A Jesuit priest has a rather daring and provocative thesis regarding the Pope’s imminent visit to Cuba: Francis will frustrate many of the expectations of those who await his tour of the island.
“The government may be expecting his blessing for everything it is doing now, while those in the Church who do not sympathize with the government are likely expecting him to condemn Cuba’s political system. Francisco isn’t going to do either,” claims father Alberto Garcia, member of the Compañia de Jesus for more than 40 years, a priest who, following a long journey across the United States, the Dominican Republic and Venezuela, was repatriated in Cuba a decade ago.
Since then, he has worked with Catholic communities and promoted spiritual and thought exercises around the country. One is as likely to find him working with his congregation in Havana’s neighborhood of Vedado as at a gathering of social actors in Matanzas, sitting next to a Baptist pastor.
“Of his own free will, Pope Francis comes to speak to a people who are hurt and to offer them words of consolation. He comes to speak on behalf of hope,” he points out.
According to the priest, Francisco is leading a very long and complex struggle: “He has a curia of very conservative cardinals and he’s fighting to give the Church its human face again. His aim is very clearly illustrated in his statement that pastors ought to smell of sheep (…) I am very hopeful, because the Church needed this, but I am also very scared, because he could get in the way of a bullet any time. He’s stepped on some feet that had never been stepped on before. He’s messed with the whole of the Vatican mob, has defied powers that could do him in at any moment,” the prelate maintains.

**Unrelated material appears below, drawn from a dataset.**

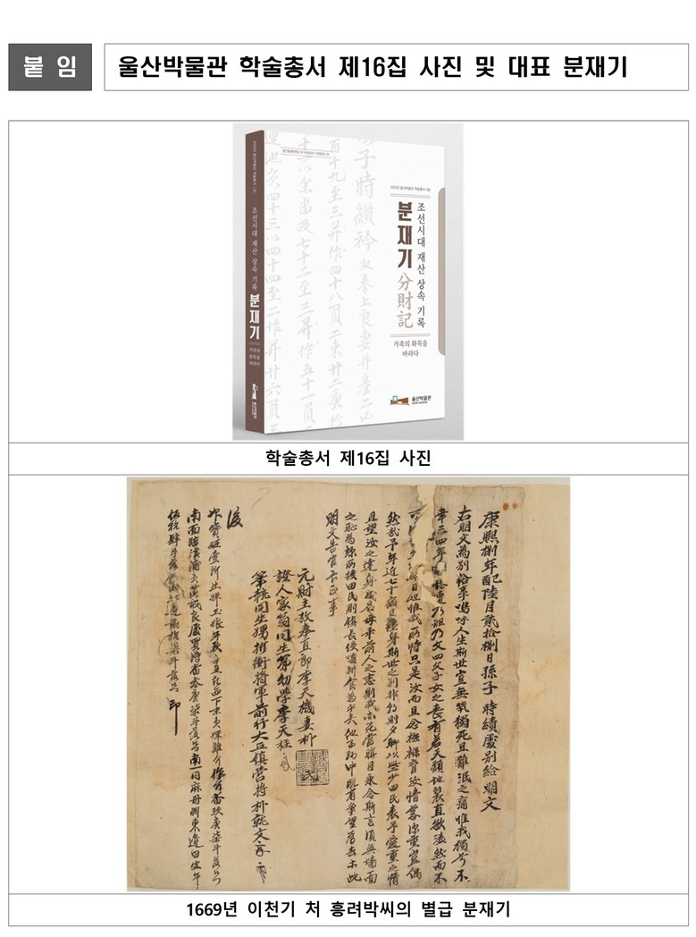 울산박물관 관계자는 “분재기에는 기록을 남긴 이가 남은 가족들이 혹여나 재산으로 다투지 않을까 하는 염려와 당부가 담겨 있다”라며 “이번 학술총서를 통해 조선시대 분재기에 담긴 가족의 화목을 바라는 마음이 잘 전달되기를 바란다”라고 말했다.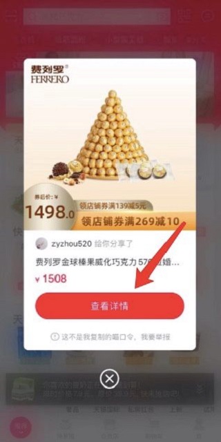 4、打开淘宝后弹窗会自动出现,点击查看详情即可打开宝贝详情。

These tensions within Catholicism also find expression in Cuba. Here, the contradictions are found between those who interact with the Cuban government, headed by Cardinal Jaime Ortega, and the refusal to legitimate the socialist project, a posture secretly maintained by some bishops and priests. According to Alberto, we should not expect the Pope to assume a balanced stance towards these conflicts.
“No activity undertaken by a high Church official like him is devoid of a political connotation, but this is not a political visit. Pope Francis comes as a messenger of mercy, as a pastor visiting the people of Cuba who delivers a message of hope. The political impact of this will be reflected in the hope he is able to give people, something which will unleash the impulse for change among those who can have an impact on society, and within the Church, later,” he predicts.
That’s why this Havana priest shares in the argument advanced by Pope Benedict XVI in his message to Cardinal Ortega (a statement he shared during his unexpected interview on Cuban television back in 2012): “The Church isn’t here to overthrow governments.”
“The aim of the Church is to move people’s consciences, so that they will work in favor of justice and fraternity. The Church will be doing its job properly when it becomes a thorn on the chair of anyone who would sit down and say: “we’ve done all we can.” While there is still injustice, hunger and lack of freedom, the Church must be a source of unease.”
Father Alberto aspires to meet with the first Latin American Pope at Havana’s Reina church, where he is expected to stop on his way to the Palacio de la Revolucion and the Cathedral. “It was the residence of Cuba’s Jesuits for a very long time, until the time the Jesuits were expelled on the Covadonga ship. Today, it is the main Jesuit-run church,” he explains.
The number of Jesuit priests in Cuba is not over thirty. A little more than half of them are Cubans and, even though they offered their services at parish temples almost exclusively for a very long time, today they have gone back to the task of “accompanying people spiritually,” something which sets their congregation apart from all others in the Catholic world.